The renewability, versatility, near-impenetrability and fire resistant qualities of cork make it a suitable material for flooring, insulation, acoustic wall covering and more. Harvesting it doesn’t require cutting the tree. In fact, each cork tree can be stripped off of its bark up to 20 times in its entire life.

5. Mycelium

Mycelium is a mushroom-based material that is tested to be stronger than concrete, lighter than bricks and more insulated than fiberglass. What’s more, being made of fungi, it has the ability to self-heal meaning it can reduce the need for costly repairs. It’s also entirely organic and compostable.

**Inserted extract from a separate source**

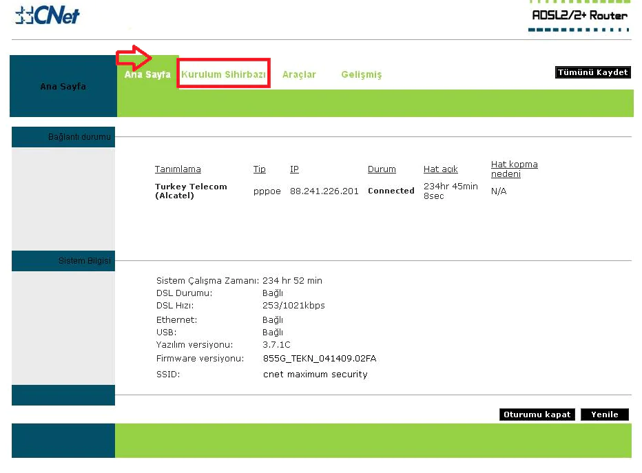 • Modem ara yüzüne giriş sağladıktan sonra ana sayfada üst kısımda bulunan menü sekmelerden ‘Kurulum Sihirbazı’ sekmesine tıklıyoruz.

Did You Know? Mycelium thrives underground and without light, meaning it doesn’t require external energy resource to grow.

6. Ferrock

Ferrock is another cement alternative that is made of recycled steel dust or ferrous rocks from the steel industry. It offers a greener alternative to the traditional cement manufacturing process as it absorbs carbon dioxide while it hardens and dries. Further, any structure made with Ferrock is proven to last longer, barely requiring repair and replacement.

7. Timbercrete®

Timbercrete® is an eco-friendly product made up of timber waste from several sources and concrete. The result is a material that is lighter than a solid concrete but with higher thermal insulating properties and unmatched strength. It is also user-friendly as it can be easily nailed, screwed or sawn like a regular timber and can be made to appear like sandstone, mud brick or cobblestone.

8. Wool Bricks

Wool brick is a zero-carbon product that is developed by researchers in Spain and Scotland who have added wool fibers and alginate (a natural polymer from seaweeds) to the clay of the brick. The result is a sustainable, non-toxic brick that is 37% stronger than a traditional brick.

9. Recycled Plastic

Instead of producing new materials, researches are creating lightweight concrete, tiles, insulation, lumber and more out of recycled plastics and trash. Building with recycled plastics helps lower the construction costs and provides a new use for plastic wastes while reducing greenhouse gas emissions at the same time.

10. Shipping Containers

Building houses out of shipping containers is probably the epitome of the sustainable and modern building. It makes use of the reclaimed materials that otherwise would be left to rust at the point they are retired. They can be modified into sustainable and durable houses and into endless design possibilities.

The Best Sustainable Material for You

Like anything you would decide on, you should do a careful research on which sustainable materials to use for your home. Learning more about these alternatives will lead you to the options that will be most suitable for your lifestyle and preferences as well.